Task item:
Although the records contain pictures, none belong in the copy: restate word for word only the lines from the one with "基本原料是葡萄糖等安全物質,原料經過伽馬" through the one with "レタープリントにフリルがアクセントのTシャツワンピース。", both included.

Material for this exercise:
- - - -
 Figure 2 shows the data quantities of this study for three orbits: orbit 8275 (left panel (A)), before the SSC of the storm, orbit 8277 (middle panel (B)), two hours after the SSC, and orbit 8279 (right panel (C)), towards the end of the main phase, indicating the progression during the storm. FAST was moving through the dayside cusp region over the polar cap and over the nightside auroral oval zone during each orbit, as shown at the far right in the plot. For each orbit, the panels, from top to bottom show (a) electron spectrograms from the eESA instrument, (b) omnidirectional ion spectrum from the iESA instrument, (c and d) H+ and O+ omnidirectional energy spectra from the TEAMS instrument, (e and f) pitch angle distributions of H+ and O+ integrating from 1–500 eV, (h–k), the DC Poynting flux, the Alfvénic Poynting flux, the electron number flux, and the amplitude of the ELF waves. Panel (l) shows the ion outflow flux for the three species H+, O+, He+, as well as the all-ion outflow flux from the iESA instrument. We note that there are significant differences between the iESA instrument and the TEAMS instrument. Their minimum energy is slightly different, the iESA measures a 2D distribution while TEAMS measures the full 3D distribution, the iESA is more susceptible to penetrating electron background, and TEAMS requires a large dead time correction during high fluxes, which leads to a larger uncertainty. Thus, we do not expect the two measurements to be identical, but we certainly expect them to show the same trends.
- - - -
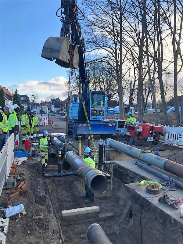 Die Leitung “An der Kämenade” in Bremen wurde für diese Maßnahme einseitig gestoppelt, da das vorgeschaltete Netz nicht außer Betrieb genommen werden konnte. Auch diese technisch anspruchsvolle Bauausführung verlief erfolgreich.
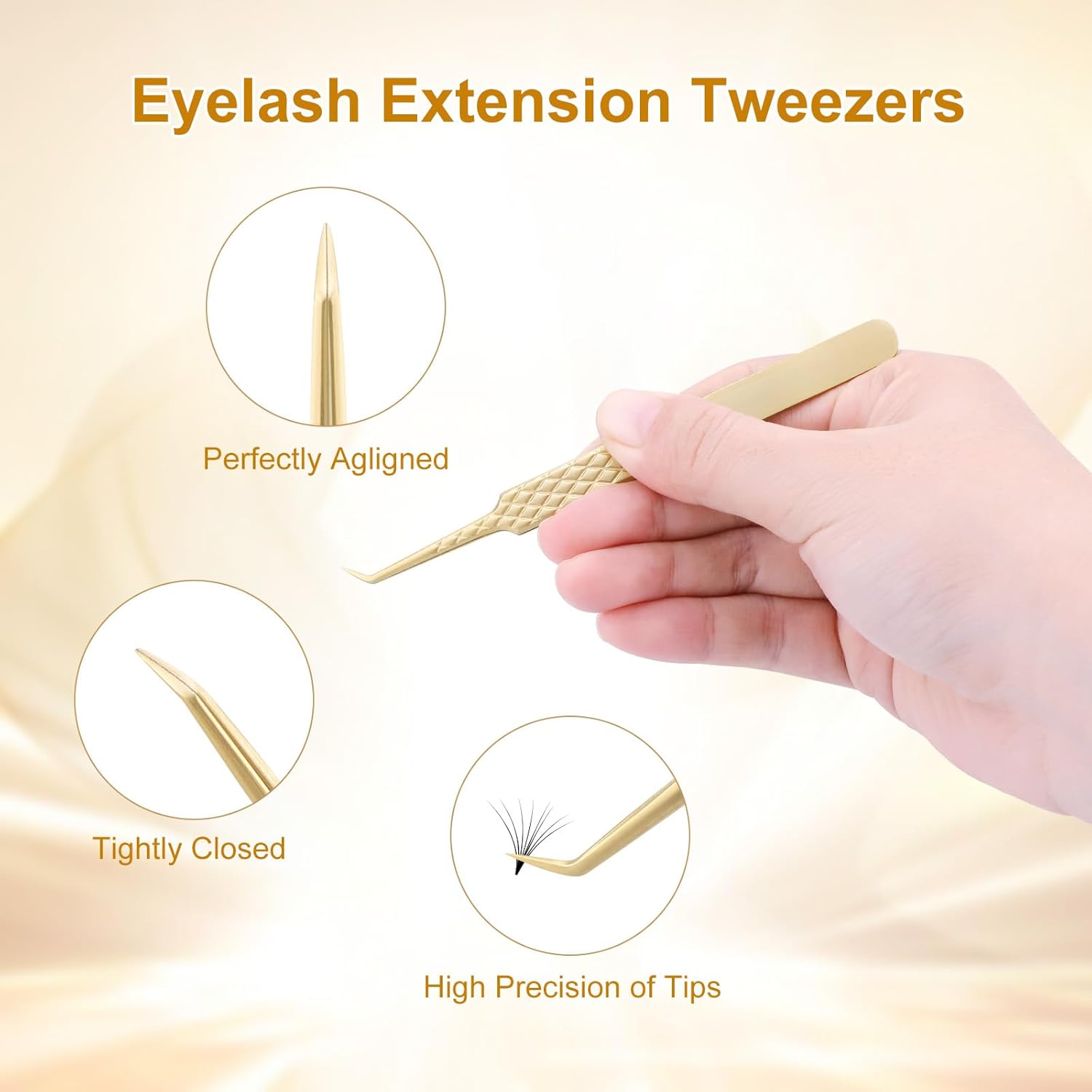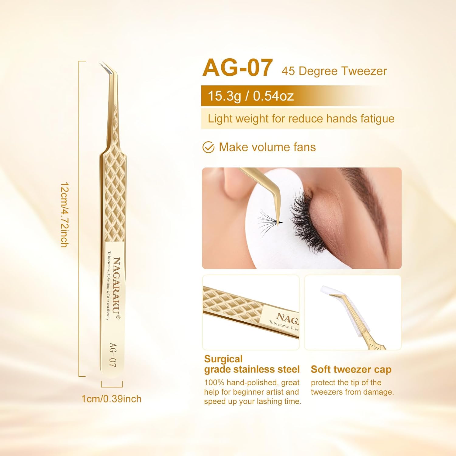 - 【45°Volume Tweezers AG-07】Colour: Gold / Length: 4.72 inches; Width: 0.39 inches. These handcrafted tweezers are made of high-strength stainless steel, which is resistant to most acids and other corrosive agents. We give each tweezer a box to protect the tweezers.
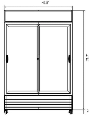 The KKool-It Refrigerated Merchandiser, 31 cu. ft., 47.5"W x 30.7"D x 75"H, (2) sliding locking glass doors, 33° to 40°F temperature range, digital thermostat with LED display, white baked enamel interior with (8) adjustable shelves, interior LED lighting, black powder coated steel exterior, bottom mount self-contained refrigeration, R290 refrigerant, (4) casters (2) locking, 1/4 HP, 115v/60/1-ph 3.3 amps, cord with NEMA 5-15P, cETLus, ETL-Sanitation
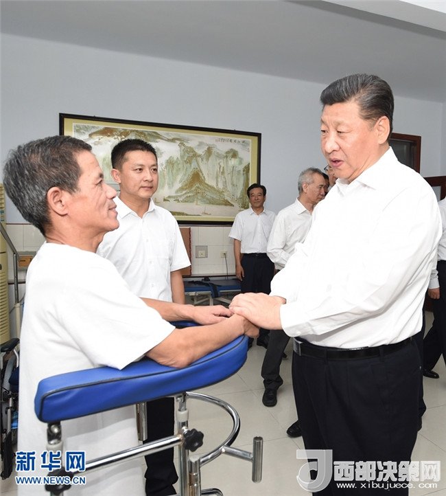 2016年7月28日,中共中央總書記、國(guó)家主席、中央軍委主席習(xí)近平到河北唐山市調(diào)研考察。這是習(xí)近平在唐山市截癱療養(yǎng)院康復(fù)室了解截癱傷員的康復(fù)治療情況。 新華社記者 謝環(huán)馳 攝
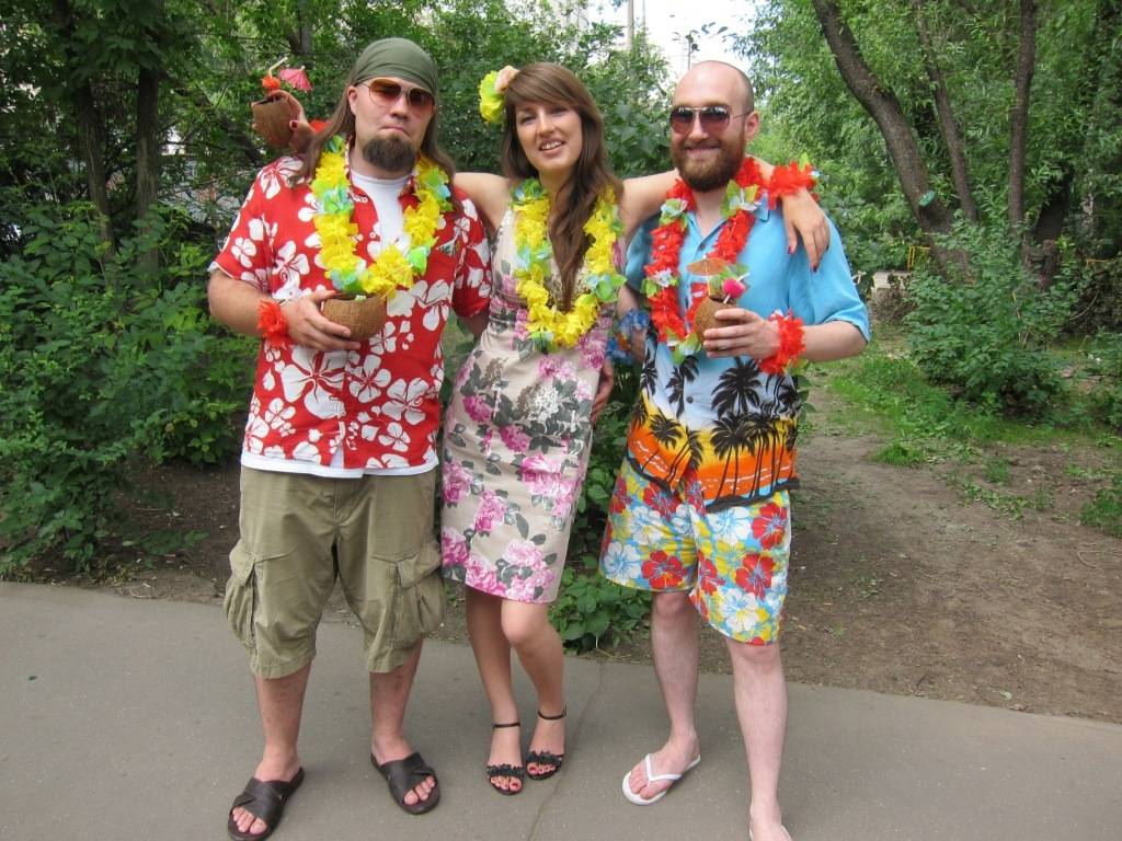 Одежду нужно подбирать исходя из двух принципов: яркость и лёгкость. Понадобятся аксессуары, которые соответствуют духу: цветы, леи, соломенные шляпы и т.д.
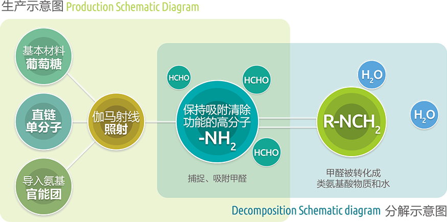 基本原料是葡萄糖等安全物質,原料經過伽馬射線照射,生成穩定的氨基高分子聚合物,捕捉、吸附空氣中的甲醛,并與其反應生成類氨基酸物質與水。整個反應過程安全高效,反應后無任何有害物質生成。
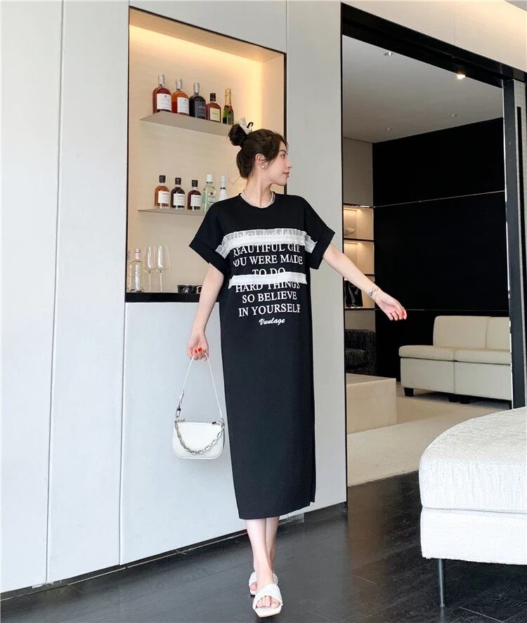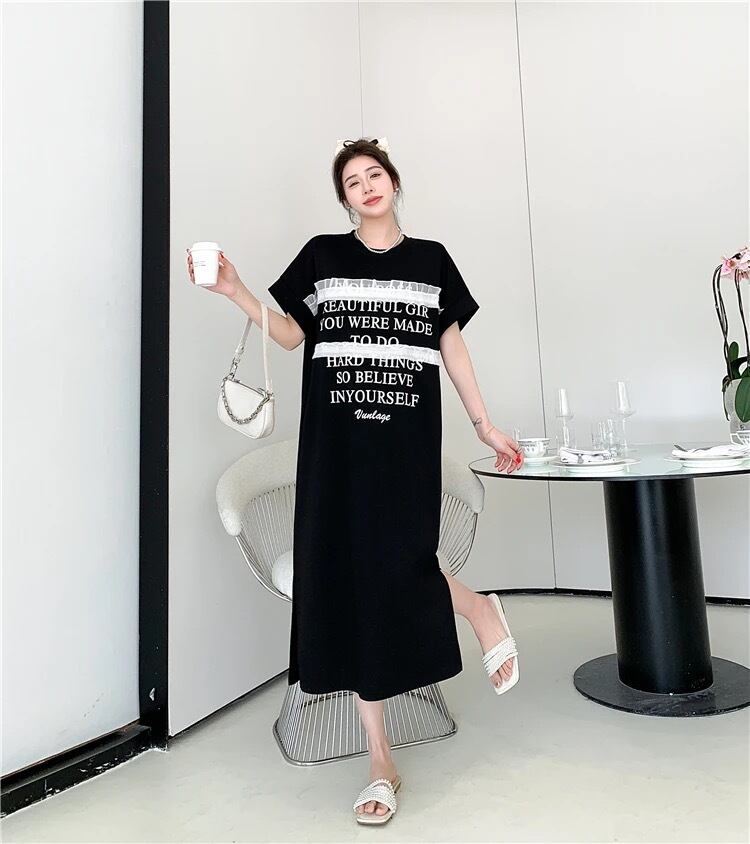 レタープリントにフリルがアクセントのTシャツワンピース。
- - - -
Answer to the exercise:
 基本原料是葡萄糖等安全物質,原料經過伽馬射線照射,生成穩定的氨基高分子聚合物,捕捉、吸附空氣中的甲醛,并與其反應生成類氨基酸物質與水。整個反應過程安全高效,反應后無任何有害物質生成。
 レタープリントにフリルがアクセントのTシャツワンピース。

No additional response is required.